▶ TASK TO CARRY OUT: Please print the line that holds "Pernambuco, a Diósgyőr" and each line after it to the end of the data, word for word, without any pictures.

<<<<

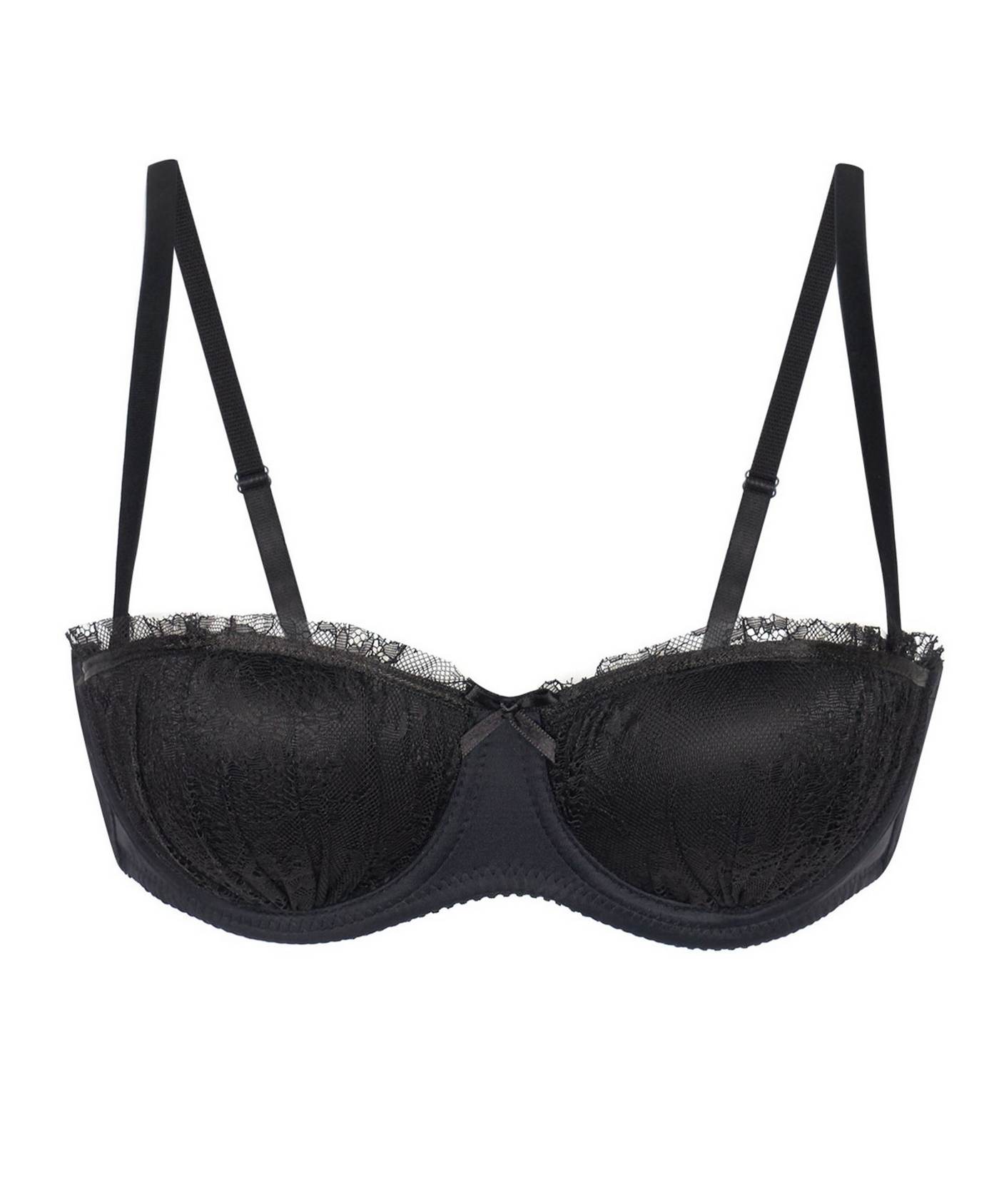 Siyah renkli, elastik dantel detaylarla süslenmiş straplez sütyen. İnce yapısı ile hafif bir his sunuyor.
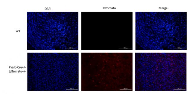 圖6. 熒光檢測PvalbCre+/-; Rosa26tdTomato+/-小鼠大腦皮層中間神經(jīng)元tdTomato的表達?梢娂t色陽性信號。
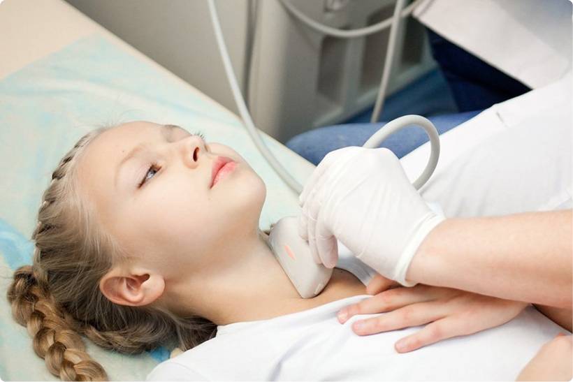 Маленький ребенок может проходить обследование, сидя на коленях у родителей. Если малыш подвергся какому-либо стрессу, рекомендуется обратиться к врачу, так как такое состояние может повлиять на работу желез.
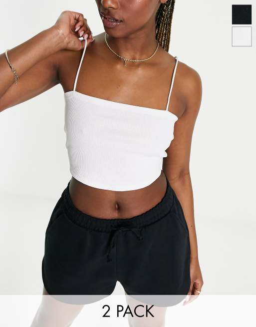 Miss Selfridge - Set van 2 crop tops met dunne camibandjes in zwart en wit
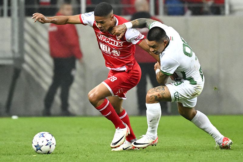 Pernambuco, a Diósgyőr (b) és Cristian Ramirez, a Ferencváros játékosa a labdarúgó OTP Bank Liga 10. fordulójában játszott Diósgyőri VTK – Ferencvárosi TC mérkőzésen a diósgyőri DVTK Stadionban 2023. október 22-én. MTI fotó: Czeglédi Zsolt
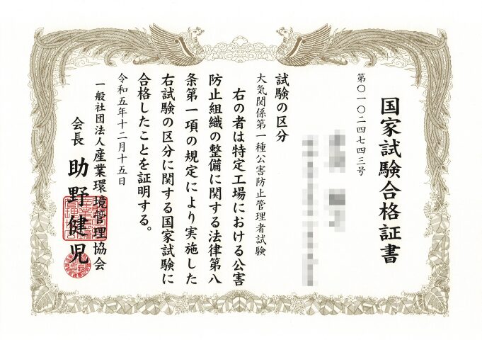 本記事は公害防止管理者大気1種の合格体験記です。
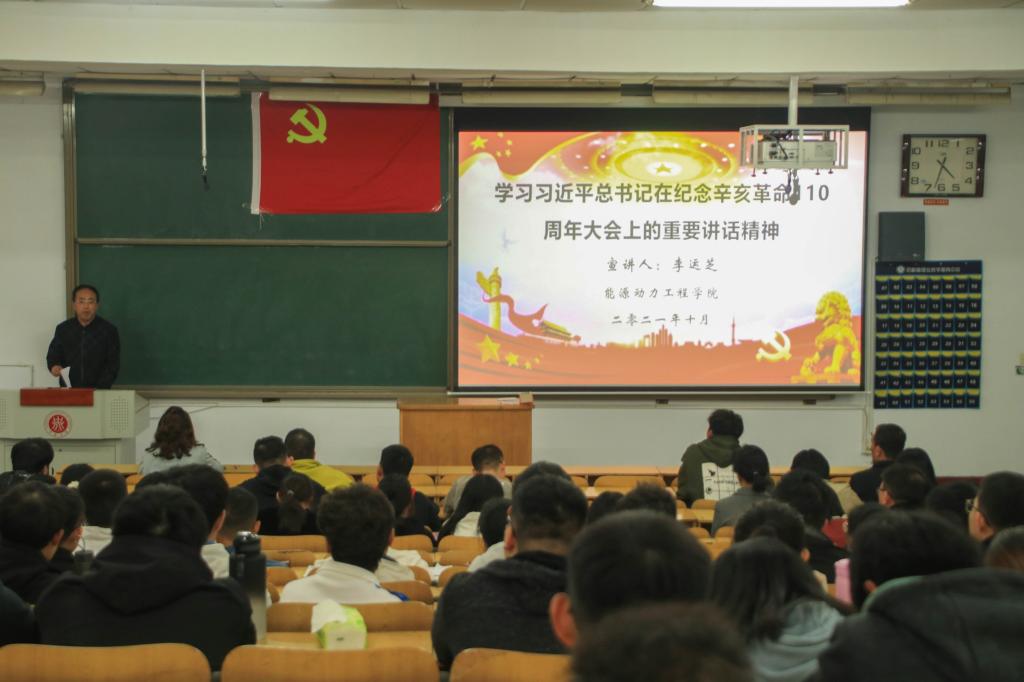 2021年10月12日下午,能源动力工程巨乳做爱在勤学楼08101H教室举行党史学习教育理论学习会。本次会议由院党委书记李运芝同志领学,巨乳做爱全体教职工和各班学生代表约180余人参加了会议。

>>>>

▶ EXERCISE SOLUTION:
 Pernambuco, a Diósgyőr (b) és Cristian Ramirez, a Ferencváros játékosa a labdarúgó OTP Bank Liga 10. fordulójában játszott Diósgyőri VTK – Ferencvárosi TC mérkőzésen a diósgyőri DVTK Stadionban 2023. október 22-én. MTI fotó: Czeglédi Zsolt
 本記事は公害防止管理者大気1種の合格体験記です。
 2021年10月12日下午,能源动力工程巨乳做爱在勤学楼08101H教室举行党史学习教育理论学习会。本次会议由院党委书记李运芝同志领学,巨乳做爱全体教职工和各班学生代表约180余人参加了会议。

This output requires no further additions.